• _EXERCISE INPUTS_
══════════

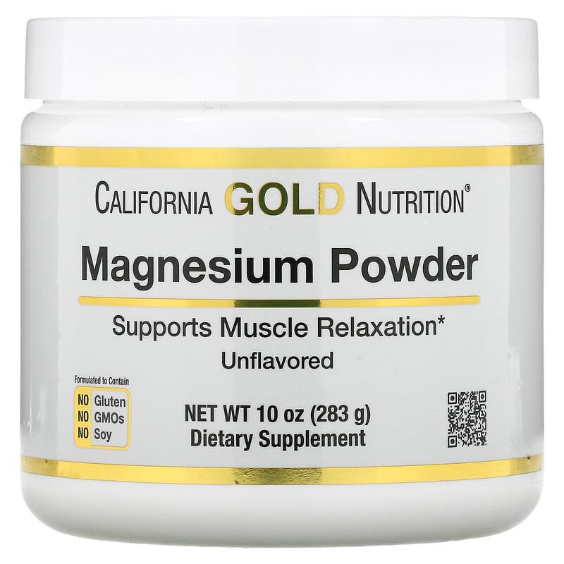 California Gold Nutrition BEVERAGES Magnesium PowderAvailable in Orange & UnflavoredMay Support Muscle Relaxation*Formulated to Contain: No Gluten, No GMOs, No SoyProduced in a 3rd Party Audited cGMP Registered (Certified) Facility100% Gold Guarantee
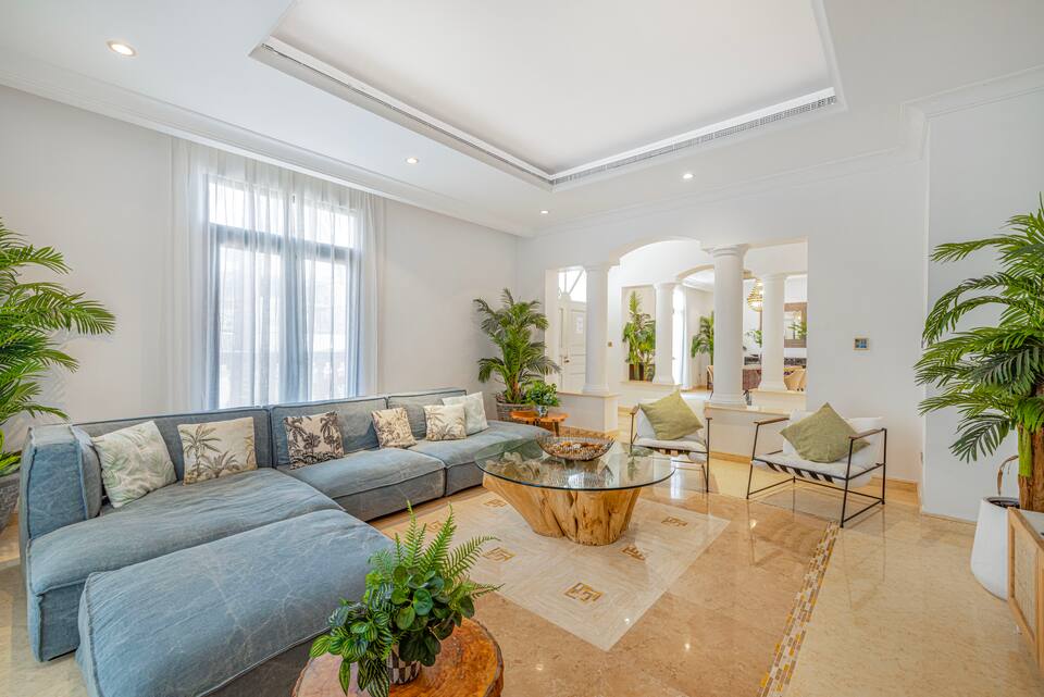 Experience unparalleled comfort in this exquisite 6-bedroom villa, featuring king and queen beds, along with additional accommodations for staff in a maid’s room and a driver’s room, each with a queen bed. While the maid and driver rooms are not luxury suites, the villa itself is designed for ultimate relaxation and convenience.
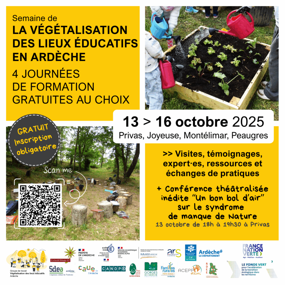 Le Groupe de travail végétalisation des lieux éducatifs en Ardèche vous invite à participer à la semaine de la végétalisation des lieux éducatifs du 13 au 16 octobre 2025 à
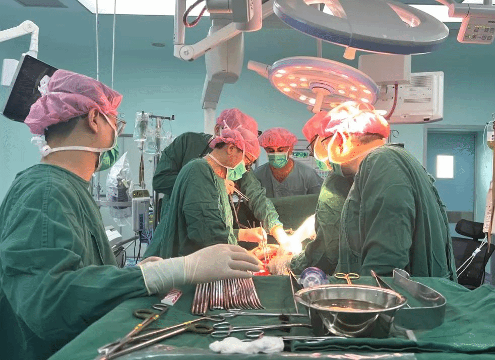 经过周密的术前讨论、术式规划、应急预案和充分医患沟通后,2024年3月21日,在新医大一附院温浩教授、吐尔干艾力·阿吉教授、邵英梅教授、麻醉科、重症医学中心以及中心手术室等科室的密切协作下,术中首先将腹腔内巨大的包虫病灶以及被其侵及的肝脏、胰头在内的多脏器完整地移出体外;随后手术团队在离体状态下对肝脏病灶进行了切除及血管修补重建后剩余的肝脏被重新移植回患者体内;最后,在依次完成了胰-肠、胆-肠以及胃-空肠吻合,历经16小时手术顺利结束。
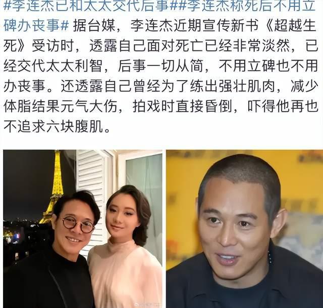 不久前,李连杰宣传新书《超越生死》,在接受采访时,他透露了自己早已看淡生死,将来走后一切从简,只要树葬或者海葬都无所谓,并且早已将20亿身家交给妻子掌管。
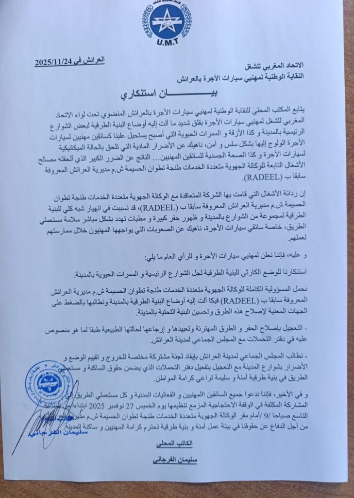 كما أعلنت النقابة الوطنية لمهنيي سيارات الأجرة بالعرائش عن تنظيم وقفة احتجاجية يوم الخميس 27 نونبر 2025 ابتداءً من الساعة التاسعة صباحاً أمام مقر الوكالة الجهوية متعددة الخدمات، وذلك للدفاع عن “الحق في بيئة عمل سليمة وبنية طرقية تليق بمدينة العرائش”.
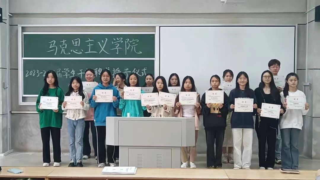 接着,受聘仪式正式开始,由杨荣为新一届员工干部颁发聘书,同学们按照党支部、分团委、员工会的顺序依次上台接受聘书,并合影留念。

══════════

• _PROBLEM STATEMENT_
Reproduce the records exactly, starting with their first line and ending with the line that contains "Experience unparalleled comfort", though pictures should be dropped.

• _RESPONSE TO THIS TASK_
 California Gold Nutrition BEVERAGES Magnesium PowderAvailable in Orange & UnflavoredMay Support Muscle Relaxation*Formulated to Contain: No Gluten, No GMOs, No SoyProduced in a 3rd Party Audited cGMP Registered (Certified) Facility100% Gold Guarantee
 Experience unparalleled comfort in this exquisite 6-bedroom villa, featuring king and queen beds, along with additional accommodations for staff in a maid’s room and a driver’s room, each with a queen bed. While the maid and driver rooms are not luxury suites, the villa itself is designed for ultimate relaxation and convenience.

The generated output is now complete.